> _DATA TO PROCESS_
================================

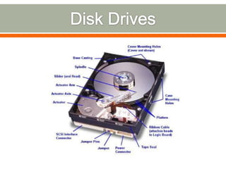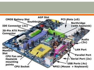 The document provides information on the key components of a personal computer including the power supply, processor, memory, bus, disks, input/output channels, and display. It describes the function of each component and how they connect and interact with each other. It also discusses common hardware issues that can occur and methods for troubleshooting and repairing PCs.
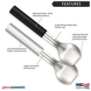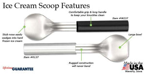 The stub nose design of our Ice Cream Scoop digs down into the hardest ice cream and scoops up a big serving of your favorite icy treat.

================================

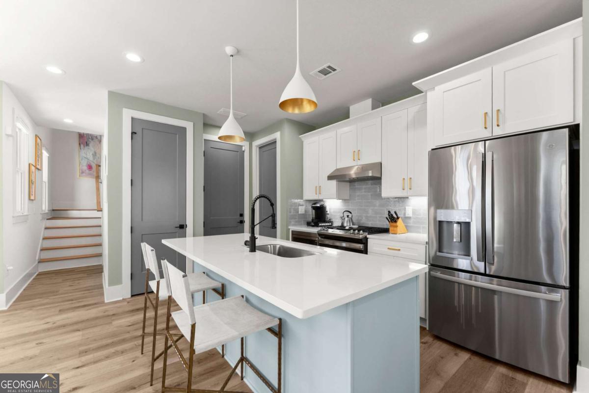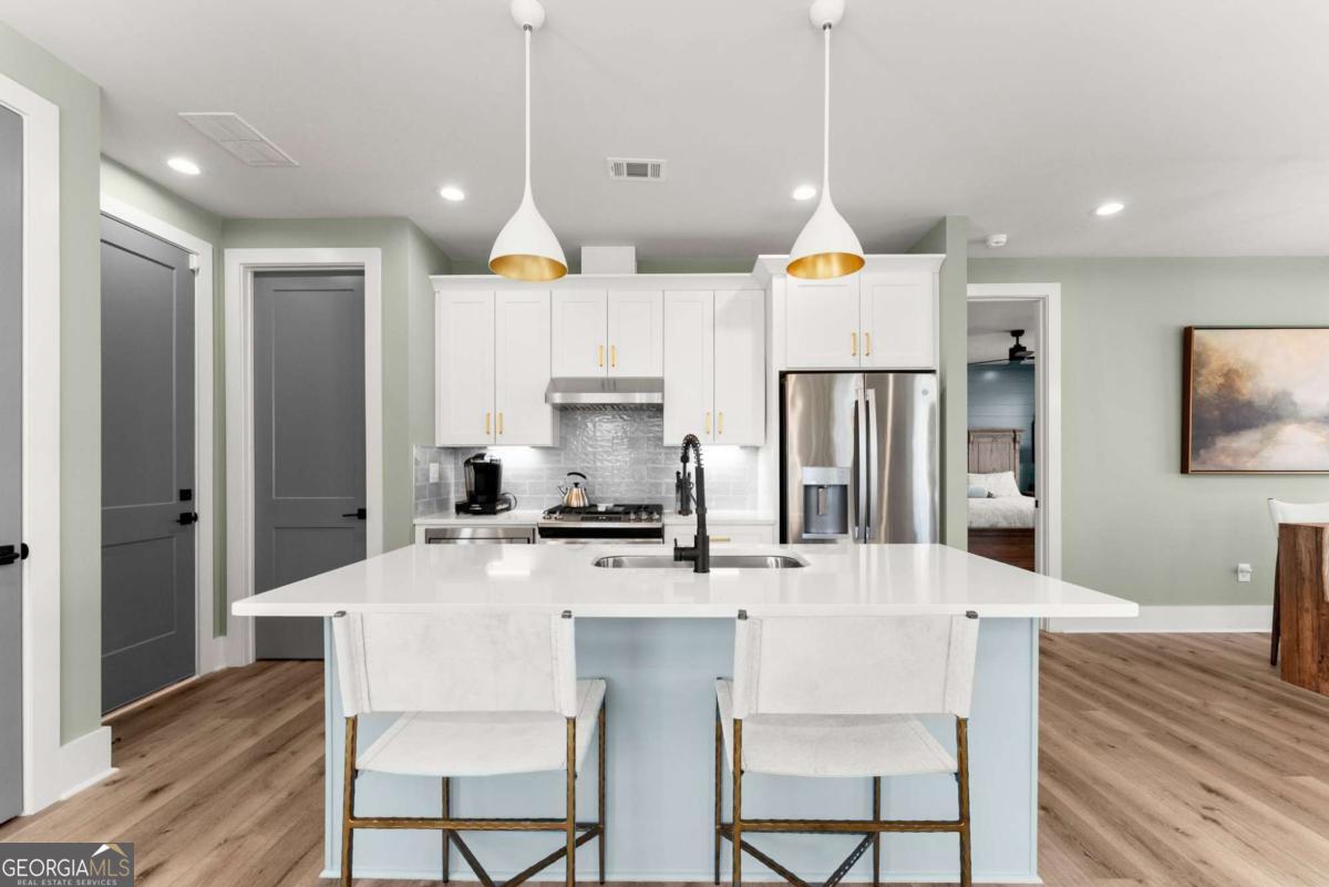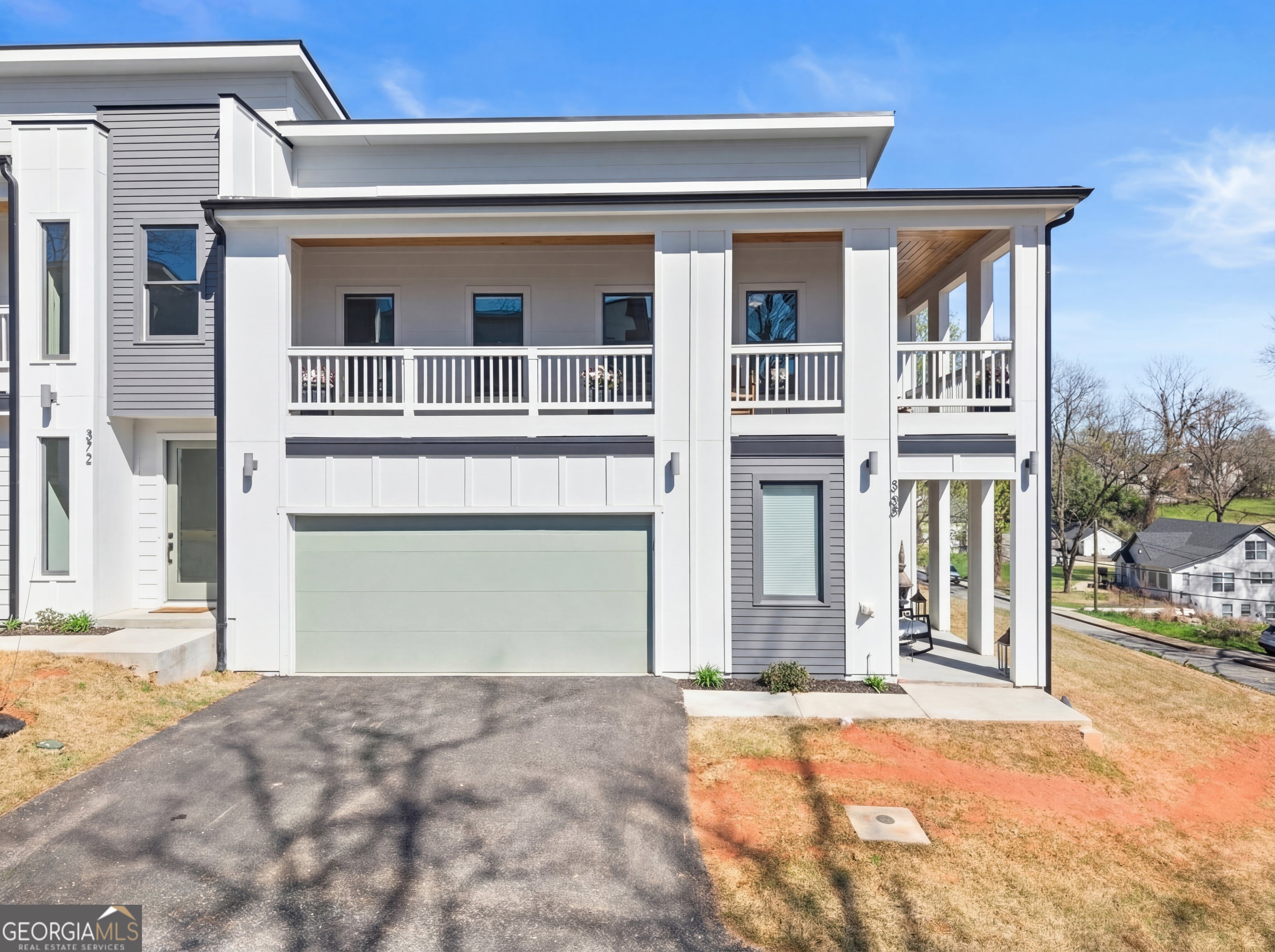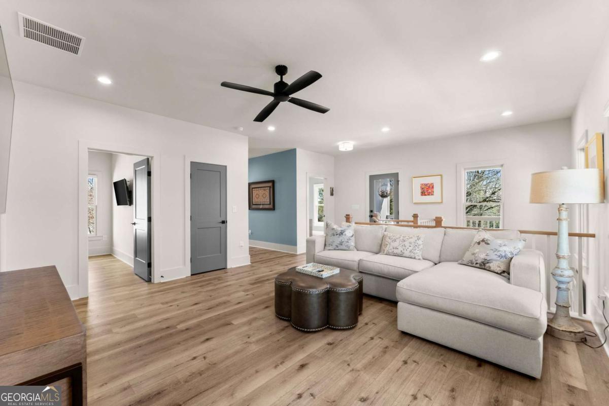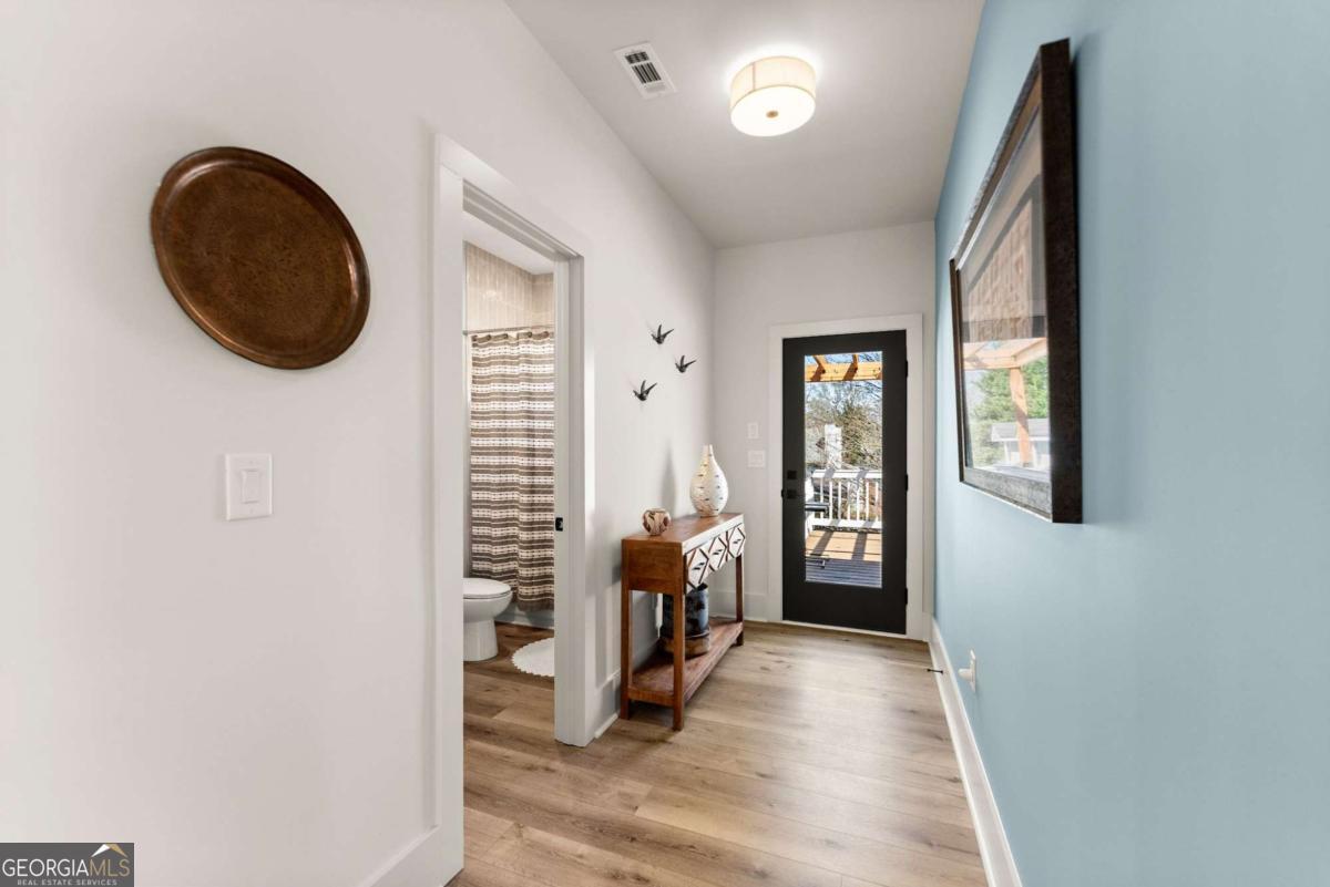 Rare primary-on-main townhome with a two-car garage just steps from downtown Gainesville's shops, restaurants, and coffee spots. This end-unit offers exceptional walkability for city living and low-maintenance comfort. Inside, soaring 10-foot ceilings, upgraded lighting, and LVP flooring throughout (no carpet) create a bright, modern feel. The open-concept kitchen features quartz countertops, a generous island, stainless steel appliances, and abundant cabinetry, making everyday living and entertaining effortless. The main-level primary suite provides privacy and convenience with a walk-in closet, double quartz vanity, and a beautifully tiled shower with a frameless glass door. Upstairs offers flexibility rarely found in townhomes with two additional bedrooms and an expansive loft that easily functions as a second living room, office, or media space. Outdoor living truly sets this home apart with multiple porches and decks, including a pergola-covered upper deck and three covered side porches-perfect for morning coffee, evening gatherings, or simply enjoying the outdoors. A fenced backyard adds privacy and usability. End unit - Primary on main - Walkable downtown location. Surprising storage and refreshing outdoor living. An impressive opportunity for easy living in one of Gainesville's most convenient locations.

================================

> _ASSIGNMENT_
Starting at the line that contains "The document provides" and ending at the line that contains "The stub nose", transcribe the material above exactly, excluding pictures.

> _RESULT_
 The document provides information on the key components of a personal computer including the power supply, processor, memory, bus, disks, input/output channels, and display. It describes the function of each component and how they connect and interact with each other. It also discusses common hardware issues that can occur and methods for troubleshooting and repairing PCs.
 The stub nose design of our Ice Cream Scoop digs down into the hardest ice cream and scoops up a big serving of your favorite icy treat.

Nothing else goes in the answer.